La salle baigne dans la pénombre. On devine des personnes au fond, occupée à dérouler lentement ce qui semble être un immense tapis, en fait des dizaines de couvertures multicolores assemblées tel un patchwork. Les corps sont nus, hommes et femmes, les onze artistes de la compagnie de danse brésilienne de Lia Rodrigues.
Une première danseuse plonge gracieusement sous une couverture tachetée. La voici devenue guépard. Elle glisse, passe sous une autre couverture et se transforme en fleurs. Encore quelques mètres, c’est désormais esprit de la forêt. Chacun, chacune se transforme et se réinvente au gré des ondulations de cette mer de tissus. Passe une sirène au chant strident plus proche du renard en rut que de la douce mélopée.
Sous le signe de la joie
"Encantado", ça veut dire émerveillé. On peut aussi le traduire par 'enchanté', au sens magique du mot. Face à nous, il est bel et bien question de sortilèges et d’enchantements. Humanité et animalité se confondent alors que les esprits, les dieux et les mortels se mélangent pêle-mêle dans une transformation perpétuelle.
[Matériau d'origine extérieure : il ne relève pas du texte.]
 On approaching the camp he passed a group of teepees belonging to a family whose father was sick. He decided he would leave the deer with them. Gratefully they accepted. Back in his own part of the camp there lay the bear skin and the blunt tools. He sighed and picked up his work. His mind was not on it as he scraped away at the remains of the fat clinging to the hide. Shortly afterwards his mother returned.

Le précédent spectacle de Lia Rodrigues avait marqué le public du Festival Antigel en 2018. "Furia" était une bacchanale vaudou, un cortège de créatures fabuleuses et grotesques en révolte. Cette nouvelle création, "Encantado", pulse sous le signe de la joie. Elle n’en est pas moins revendicatrice avec sa musique tribale captée lors d’une manifestation des peuples indigènes de l’Amazonie contre l’éradication de la forêt et, conséquence immédiate, le génocide de leurs semblables.
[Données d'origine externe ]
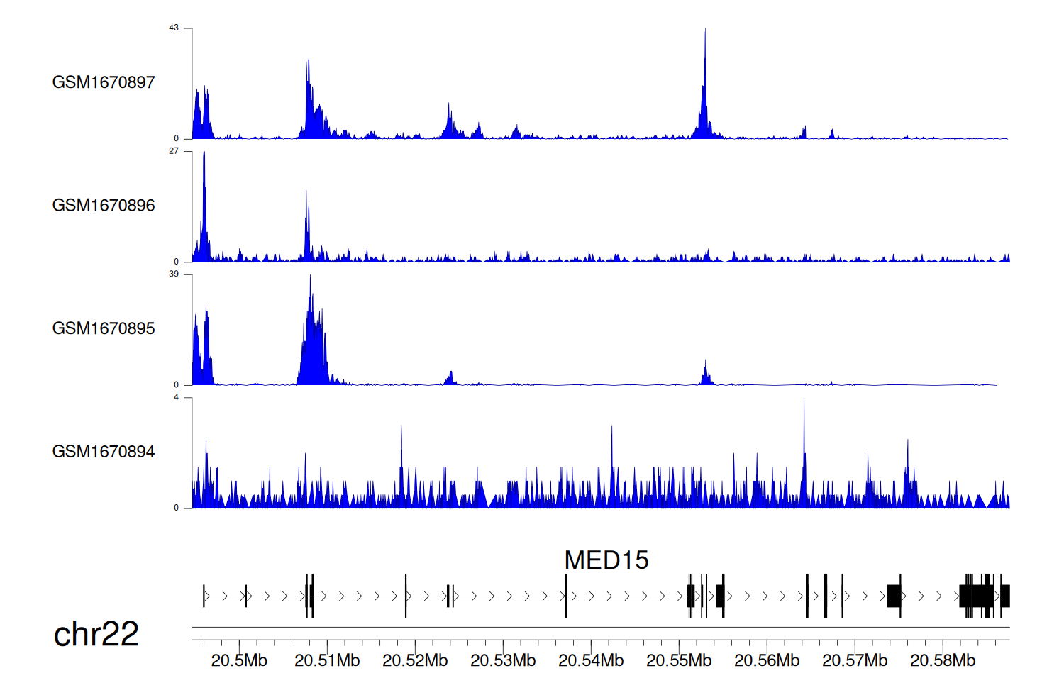 Summary The protein encoded by this gene is a subunit of the multiprotein complexes PC2 and ARC/DRIP and may function as a transcriptional coactivator in RNA polymerase II transcription. This gene contains stretches of trinucleotide repeats and is located in the chromosome 22 region which is deleted in DiGeorge syndrome. Alternative splicing results in multiple transcript variants. [provided by RefSeq, Jun 2014]

ENCANTADO (teaser) from Comédie de Genève on Vimeo.
Ode rebelle à la créolité du Brésil
Le Brésil traverse l’une des crises les plus aiguës de son histoire, saigné par une présidence dont l’un des traits autoritaires et brutaux fut de nier ou presque l’existence de la pandémie et de régler les troubles sociaux par une violence encore plus grande.
La compagnie de danse de Lia Rodrigues est précisément installée au cœur de cette crise, juste à côté de la favela de Maré, l’un des plus grands bidonvilles de Rio de Janeiro. Un même toit abrite ici les centaines d’élèves des cours de danse et les volontaires d’une ONG tentant de subvenir aux besoins vitaux des familles de cette ville à la marge.
"Encantado", ode rebelle à la créolité du Brésil et à sa diversité, aussi religieuse que genrée ou sexuelle, est aussi le fruit de cette crise, incorporant dans ses mouvements les gestes sanitaires et dans sa scénographie ces couvertures qui servent aux plus démunis à se protéger du froid et de l’humidité.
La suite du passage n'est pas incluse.